# grafikdateien und vorschau [solved]

## trikolon

hallo. seid kurzer zeit (vermutlich seit dem letzen update) haben grafikdateien kein symbol mehr im konqueror. wenn ich einen doppelklick darauf mache, öffnet sich kuickshow, wie gewollt, aber er zeig das bild nicht an sonder ich lande in einer übersicht ala konqueror. das gleich bei bilder die aus einer email geöffnet werden. weiss jemand woran das liegt? forum suche hat nix gebracht. neu emergen auch nicht.

gruss TrikolonLast edited by trikolon on Wed Aug 02, 2006 11:40 am; edited 1 time in total

----------

## trikolon

nachtrag: 

ich kann das problem nun etwas näher schildern. id komplette vorschau funktion im konqueror geht nicht! ich habe schon versucht diese manuell einzustellen, geht trotzdem nicht. weiss jemand woran das liegen kann? welches programmd a beim installieren mist gebaut hat?

----------

## freigeist

Evtl. ist nur die Defaulteinstellung von 1 MB für das Preview zu klein?
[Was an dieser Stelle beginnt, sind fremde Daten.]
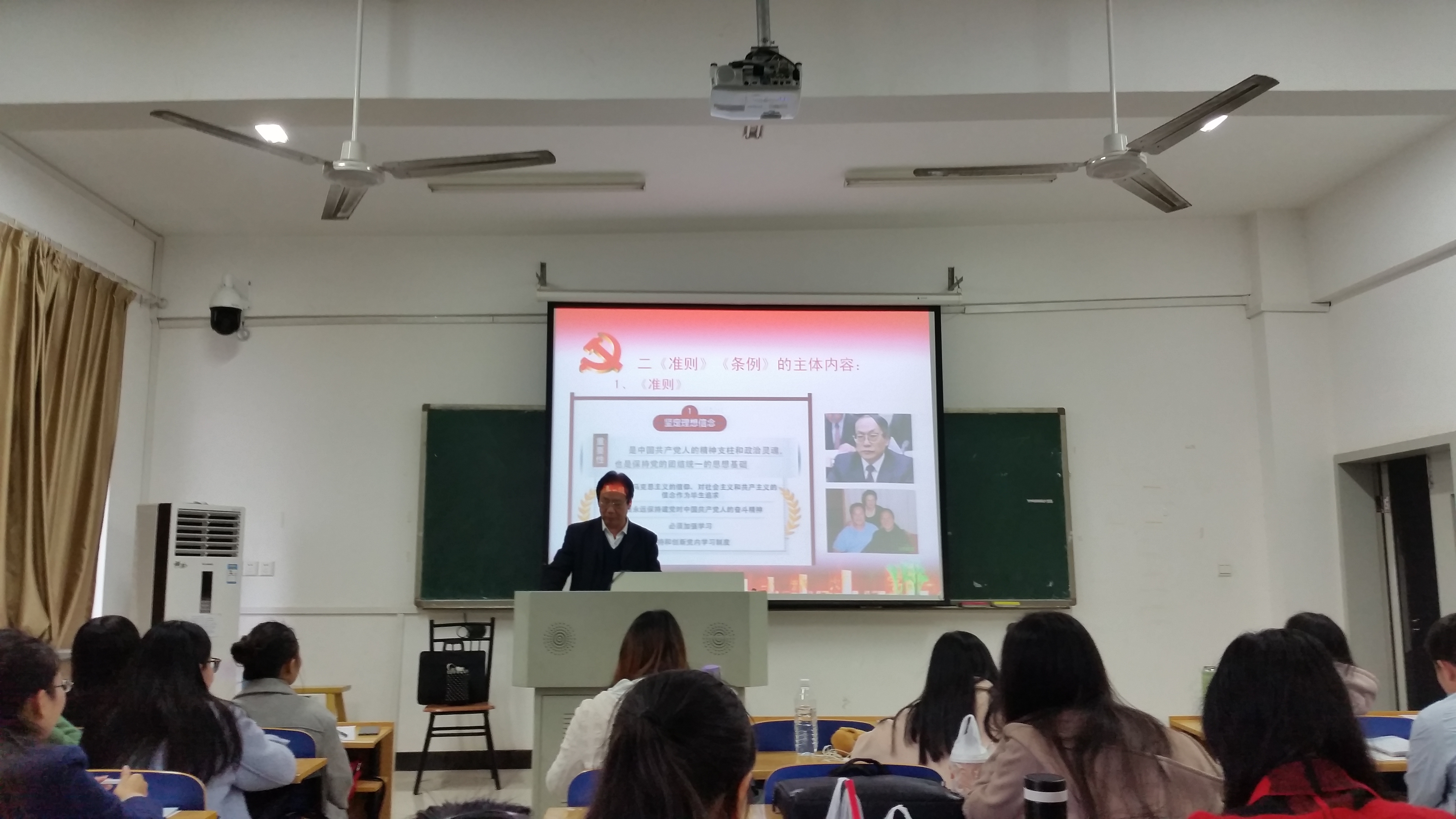他还鼓励学员从现在起对照共产党员的标准严格要求自己,认真学习《准则》、《条例》,深刻领会两个文件的精神实质。内化于心,外见于行,在实践中锻炼和提高自己,在学习生活中发挥先锋模范作用,做一名合格的共产党员。

Die kannst du in den Optionen vom konqueror anpassen...

Ansonsten post mal ein emerge --info

----------

## trikolon

hallo.

also an der 1MB einstellung lag es nicht.. mich verwundert das verhalten da mein system seit ca 2 jahren ziemlich gut läuft und ich nie größere probleme hatte. seit dem letzen update auf kde 3.5.3 hat er diese verhalten glaub ich. wenn ich doppelklick auf ein jpg mache und er kuickshow öffnet zeigt er mir nur mein homer verzeichnis an. kview zb geht... versteh das nicht. 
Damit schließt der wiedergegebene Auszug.